When you reach the line containing "10k Polished Bezel-set", start transcribing exactly and continue through the last line of the data, skipping every picture.

[Source material]
#####
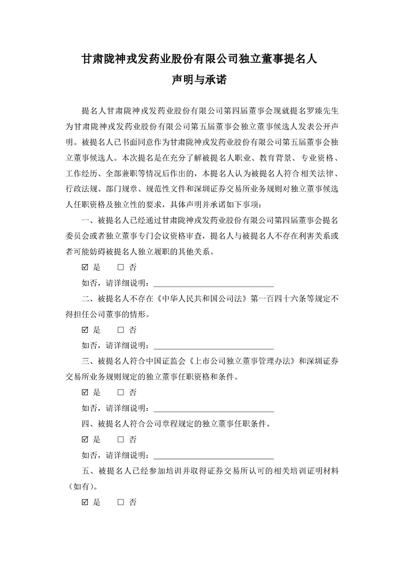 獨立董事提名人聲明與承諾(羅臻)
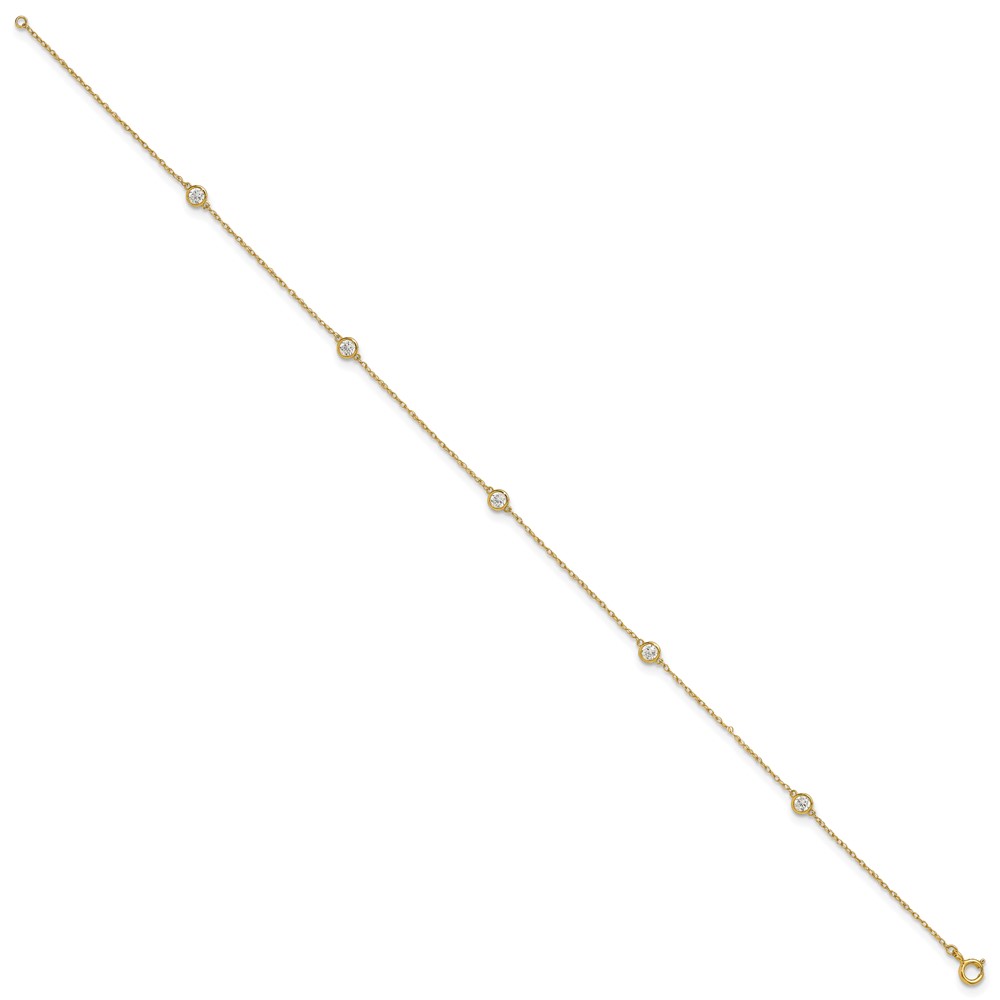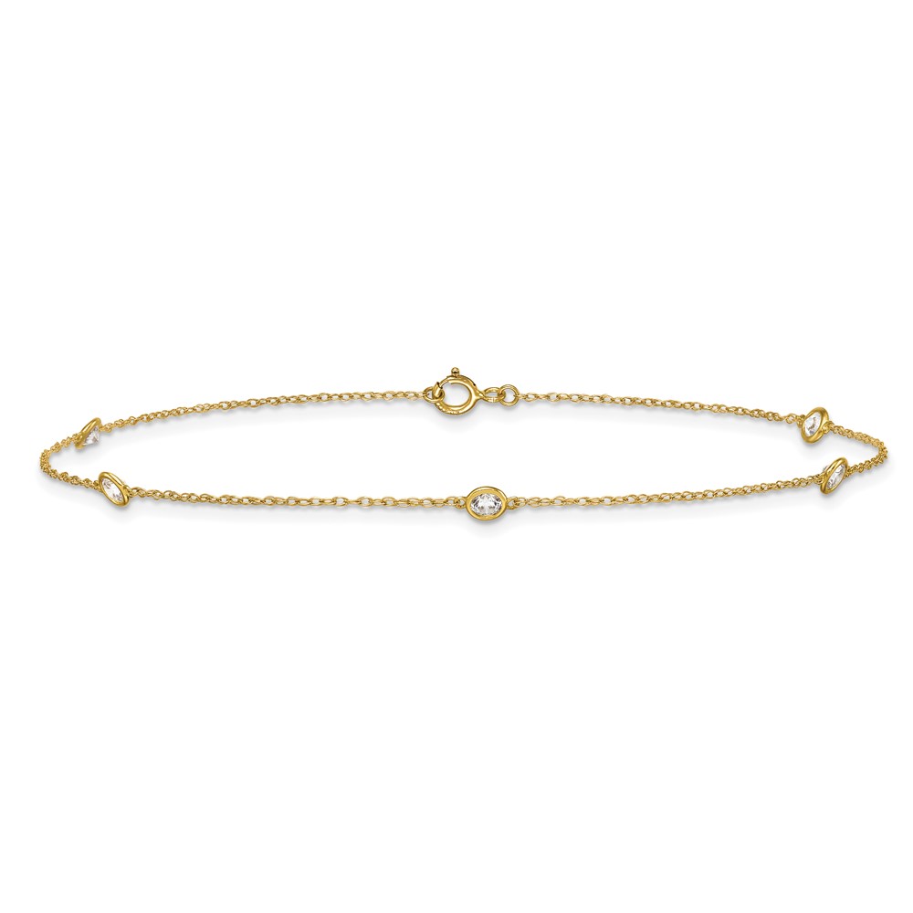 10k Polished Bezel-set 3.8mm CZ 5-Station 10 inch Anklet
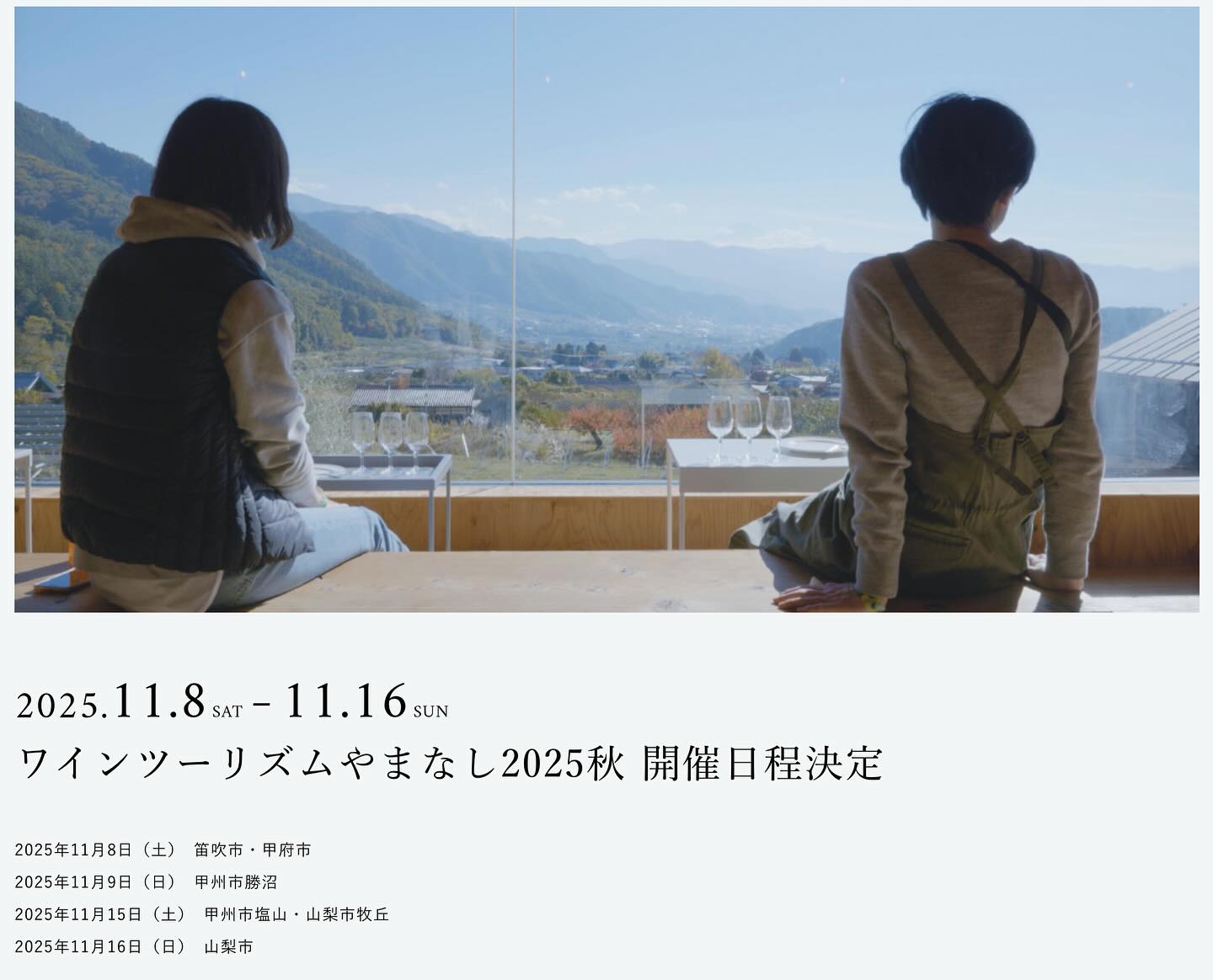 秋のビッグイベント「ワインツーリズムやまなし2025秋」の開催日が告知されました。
#####
[Solution to the problem]
 10k Polished Bezel-set 3.8mm CZ 5-Station 10 inch Anklet
 秋のビッグイベント「ワインツーリズムやまなし2025秋」の開催日が告知されました。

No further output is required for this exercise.